One morning he rises to the surface from sleep a little early, around six-thirty, and realises his wife is flopping from side to side like a fish gasping for oxygen. 'You all right?' He sits up, full of alarm, switches on the bedside light. No she's not, she's not all right at all. She's saucer-eyed awake and frantic.

'I've been lying here for hours,' she screams. 'I can't do anything, I can't go anywhere, I can't read, I can't talk. What can you do when you're in bed? I'm going mad.' She is, she really is. She's raving. Wild with fear or fury, it's hard to tell which. He tries to calm her down.

It takes ten minutes to pacify her sufficiently for them to get up, get dressed and have an early breakfast. This really won't do, the herbal potion is getting them nowhere. They take action, make an appointment to see the doctor again that same morning. One of those magic medicines is keeping her awake most of the night and it's making her ill, even if it's keeping her alive as well.

They make a list of her medication along with their best guess at what everything's for. Starting with the cute little syringes with which he injects her every day. No doubts about the function of this one: it's an anticoagulant to prevent blood clots and strokes. Gold star there.

Aiding this clearly indispensable function is a mild aspirin that she takes once a day. Then there's a pill to reduce her blood pressure and another to calm her over-rapid pulse. It's all about blood, one way or another. The one in a green box is a statin to prevent her veins and arteries from silting up with fatty deposits.

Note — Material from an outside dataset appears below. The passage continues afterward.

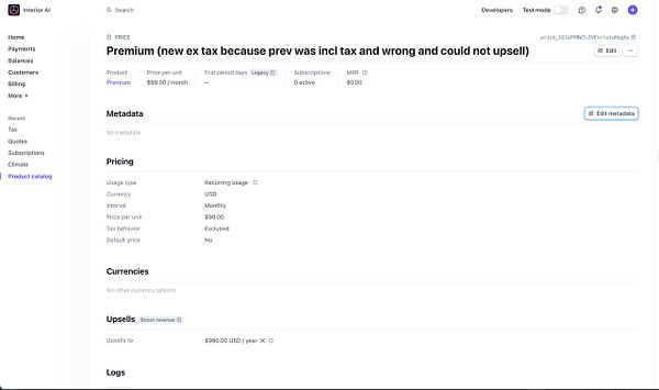 fix $99/mo plan didn't upsell to yearly because tax setting was mismatched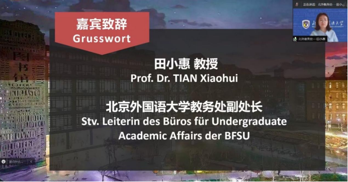 4月14日上午,由六合宝典下载ios 主办的第六届全国高校本科生德语配音大赛初赛以线上方式举行了开幕仪式。北京外国语大学教务处副处长田小惠、六合宝典下载 副院长寇蔻出席开幕式并致辞,六合宝典下载 师生代表以及来自全国34所高校的评委老师和参赛队伍出席了开幕式。

They've covered five medicaments already and they all seem pretty logical. The next is more puzzling. This one is a little plastic pot containing capsules made to special order in Tenerife. The accompanying leaflet is unusually evasive about what it's for. It does have, the text claims, anti-inflammatory and immuno-suppressive actions. Could that be to limit the damage caused by her stroke? It can be used for many diseases, the leaflet continues, where your doctor considers it appropriate. Mmm. They get the impression that even the leaflet isn't quite sure what this stuff is about.

It can also enhance, they read finally, the patient's general sense of wellbeing and desire to eat. Ahah! There it is. This has to be the one. They've cracked it. Fundamentally it's a pick-me-up, a tonic. And judging from their experience, one that would get a nest of zombies up and dancing. She's been walking around on a drug-induced high.

Doctor agrees. Give it up, it's done its job, she doesn't need it any more. When they get home he transfers the little plastic pot of encapsulated happy powder to the back of the cupboard, pending the results of doing without it. That night she sleeps like a cherub the whole night through. And the next.

Another milestone successfully passed. The only downside is that she's back to picking at her meals again, he's lost his all-consuming octopus to devour his cooking. Now he knows how his Mum felt when he announced he was going vegetarian.